Zobacz więcej: - Ruszył przetarg na budowę ul. Przemysłowej - Bocznej - To już pewne. W tym roku ruszą prace przy ul. Przemysłowej
| |
Jeżeli masz jakieś ciekawe informacje, chcesz przekazać coś ważnego, coś interesującego, nie wahaj się - napisz do nas: redakcja@stalowka.net |
|
| Wtorek, 8 maja 2012 r. godz. 23:01 ~Adam | Ktoś pyta dlaczego piesi chodzą po sciezkach? ANo z dwu powodow. Po pierwsze taka jest juz natura czlowieka ze chodzi po chodniku. Od dziecka czul sie bezpiecznie na chodniku, od zawsze chodzil tamtedy. Teraz nagle ktos narysowal kreski na czesci chodnika i powiedzial ze tu jest scizka... guzik nie sciezka. Tu dalej jest zwykly chodnik z dopuszczonym, ruchem rowerow. Zaden normalny zdrowy psychicznie dorosly czlowiek nie bedzie chodzil gapiac sie w ziemie. NA milosc boska ludzie, to sa chodniki. na "czesci dla pieszych" ciezko sie minac z druga osoba. To sie nigdy nie moglo udac i nigdzie nie udalo. Droga rowerowa powinna byc oddzielona przynajmniej "lezacym" kraweznikiem i byc z czerwonego asfaltu. Chodnik powinien byc wystarczajaco szeroki. nie mozna go zwezac kosztem drogi rowerowej. Druga sprawa czemu chodza piesi po sciezkach to nawierzchnia. Jeszcze sie nie spotkalem w konkretnych miastach zeby ktos robil np kostke brukowa w parku. W parku idzie sie na rolki, idzie sie z wozkioem na spacer idzie sie na rower. Central Park w NY ma alejki z .... ASFALTU! Jest tanszy(!!!) i bez porownania wyodniejszy. My za to mamy najmadrzejszych geniuszy, ktorzy uszczesliwia nas kostka. PRzejdzcie sie po drogach robionych 3-5 lat temu. Kostka faluje, nawet ta "bezszfowa", a obok samochody sobie smigaja po gladziutkim asfalcie bez najmniejszej skazy. A my sie musimy po tych wertepach i kraweznikach tluc. Uzylbym slowa ktore najlepiej by to opisalo, ale wtedy redakcja nie moglaby opublikowac tego komentarza. |
00 | Wtorek, 8 maja 2012 r. godz. 22:01 ~adaś | może Stalowka.NET by się tym zajęła?

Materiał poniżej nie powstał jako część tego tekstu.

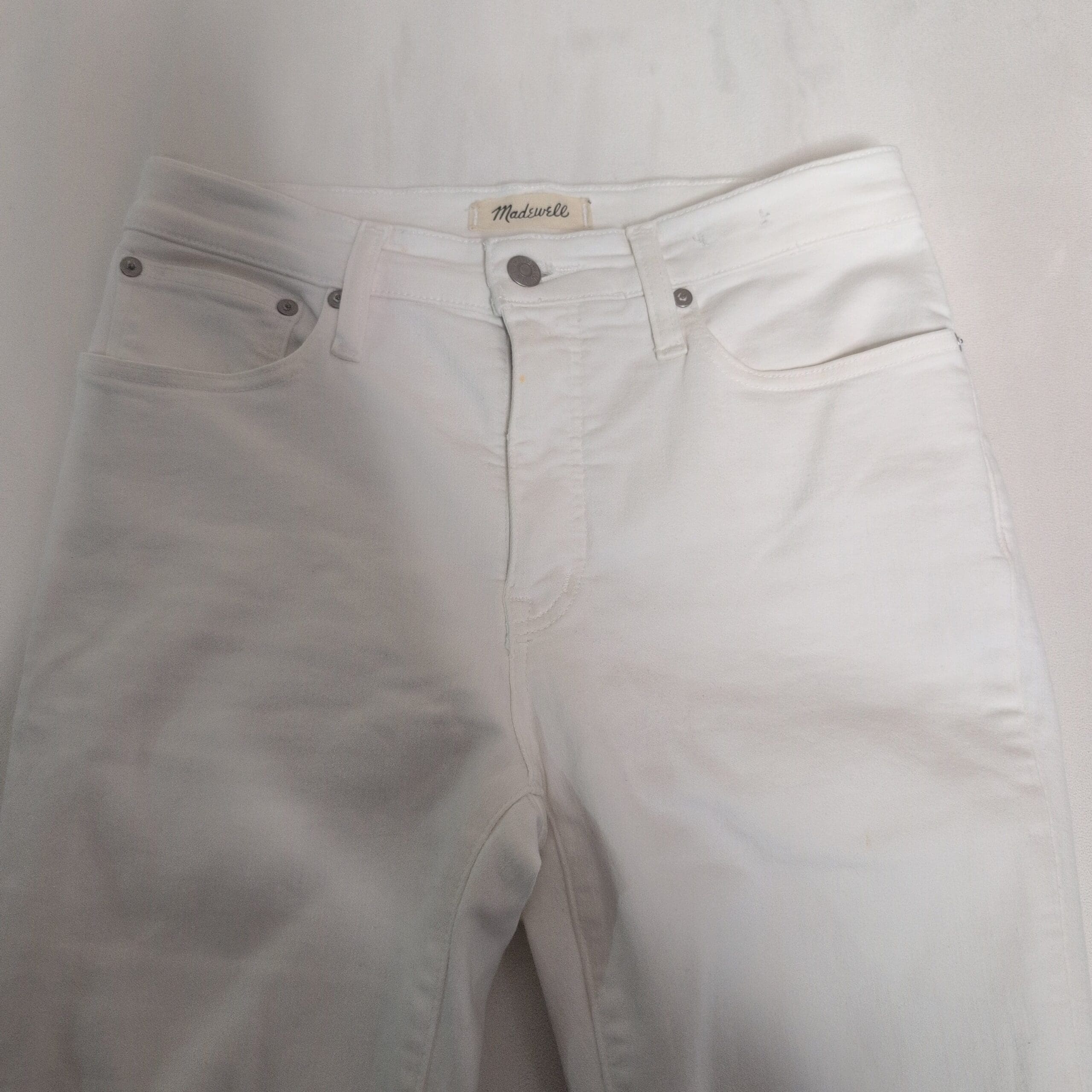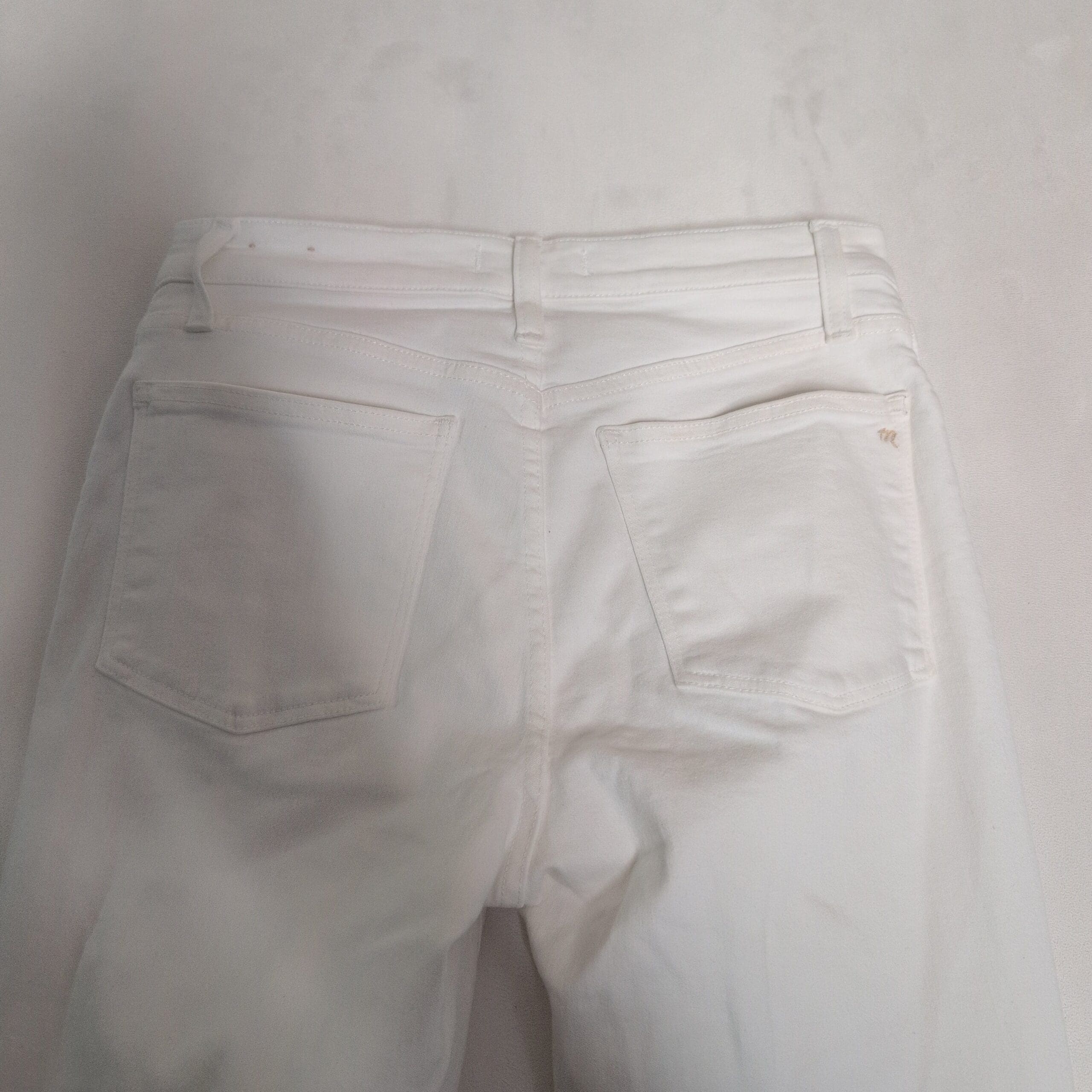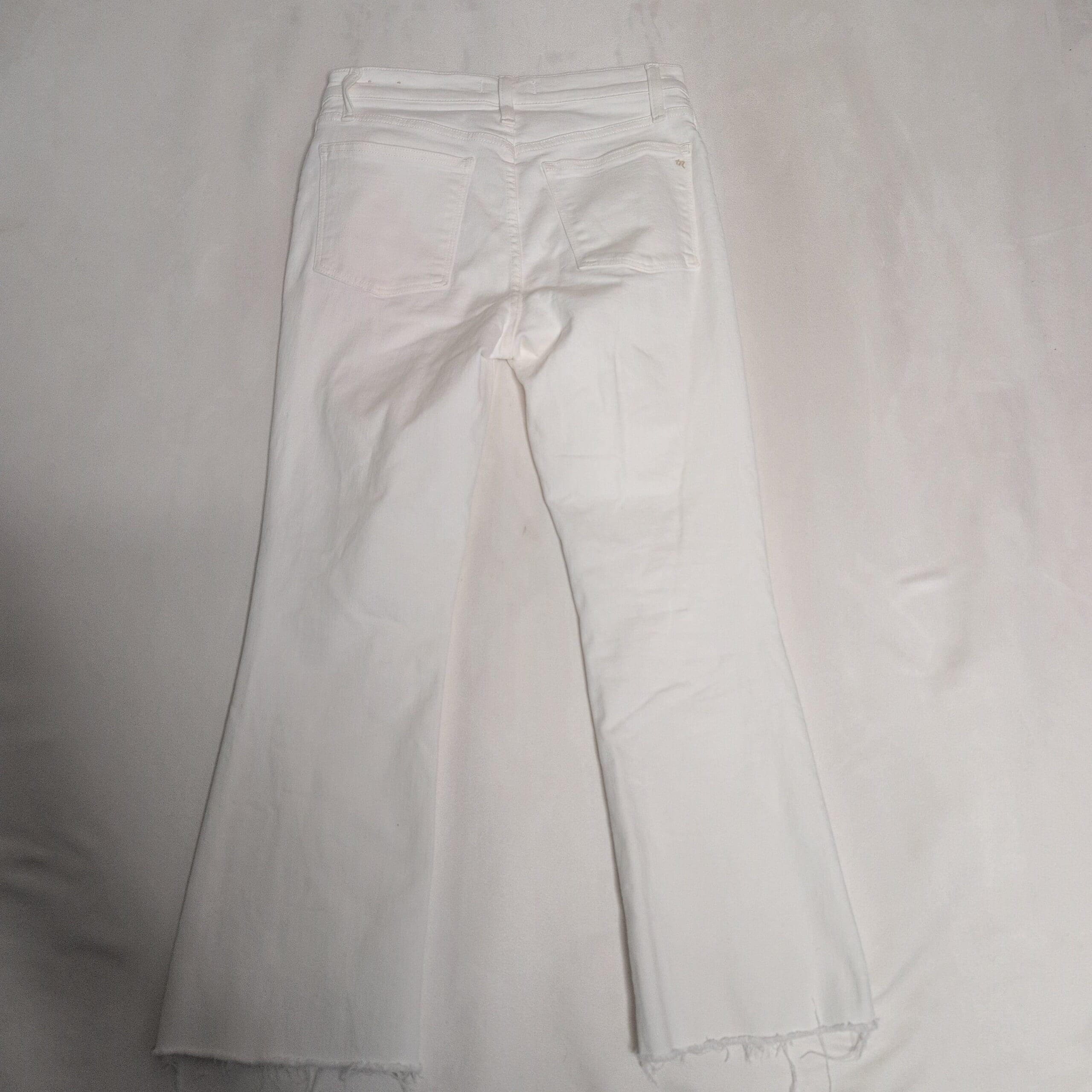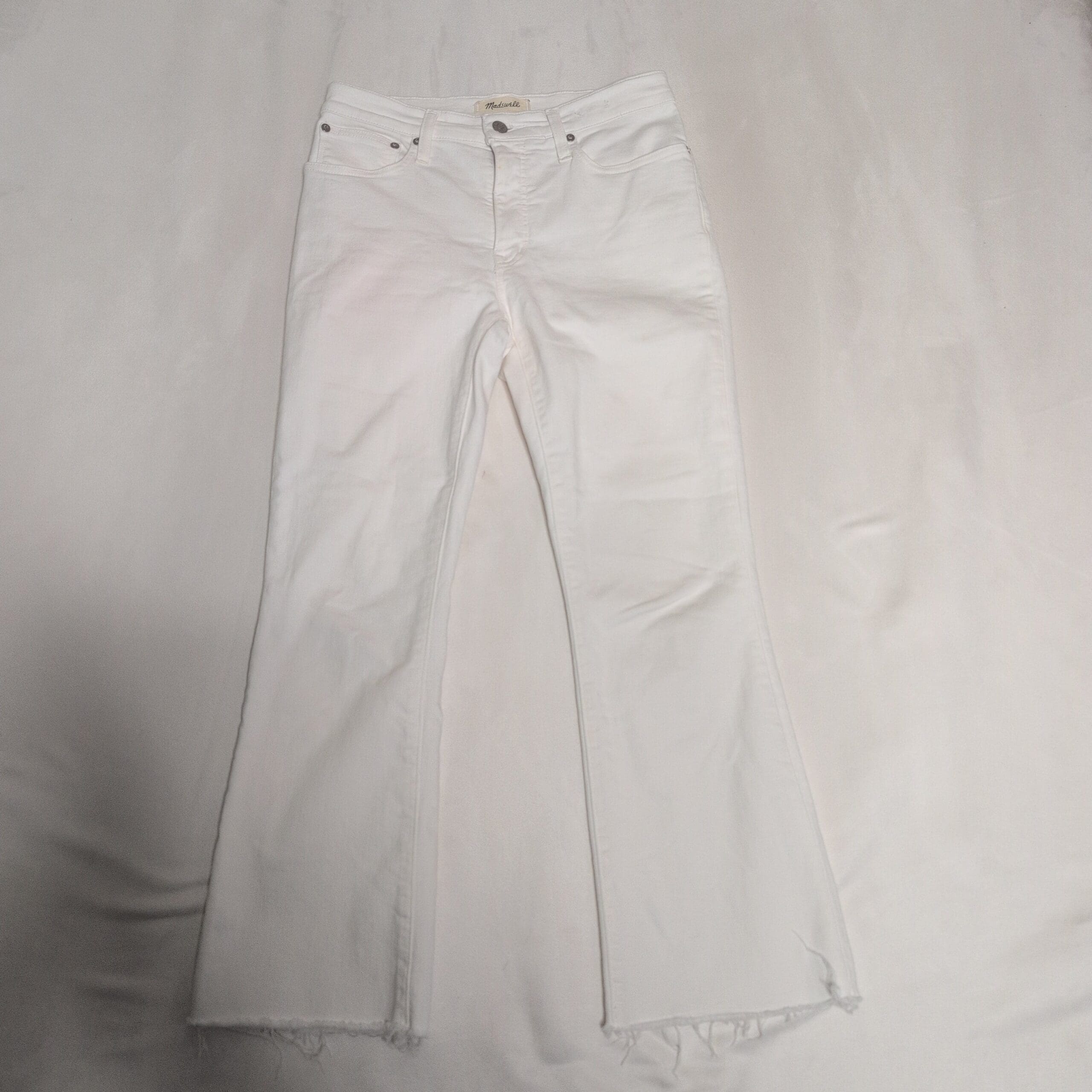 Madewell Cali Demi Boot in white, women’s size 28. Gently used white denim with a flattering bootcut silhouette, subtle flare from the knee and a raw frayed hem. Five-pocket styling with button and zipper closure — versatile for casual or dressier looks.

inne lokalne media siedzą jak mysz pod miotłą bo się boją władzy |
00 | Wtorek, 8 maja 2012 r. godz. 21:56 ~Krytyk | Dlaczego piesi chodzą po ścieżce rowerowej? Bo jest wygodniejsza! Kiedyś były płyty chodnikowe - w wielu miejscach w stanie idealnym! Niestety, zamiast poprawić, wymieniono je na niewygodną kostkę brukową wypukłą z nierównościami, pewnie dla efektu - po tym nie da się chodzić! Jeszcze gorzej mają rowerzyści - wszędzie kostka brukowa, kolory w każdym miejscu inne, brak oznaczeń... Nikt za to nie rozliczył urzędników. Podnieśmy ten temat w mediach. |
00 | Wtorek, 8 maja 2012 r. godz. 21:46 ~kopa | @Brix
Bo są jeszcze ludzie, którym zależy na miejscu w którym się urodzili. Gdyby każdy tak myślał, to wszyscy siedzieliby w jednym megamieście. Popatrz jak fantastycznie skończyło USA na wielkich skupiskach ludzi - miliarderzy w NY i chłopi pasący krowy w Kansas, jadący godzinę do miasta po polnej drodze.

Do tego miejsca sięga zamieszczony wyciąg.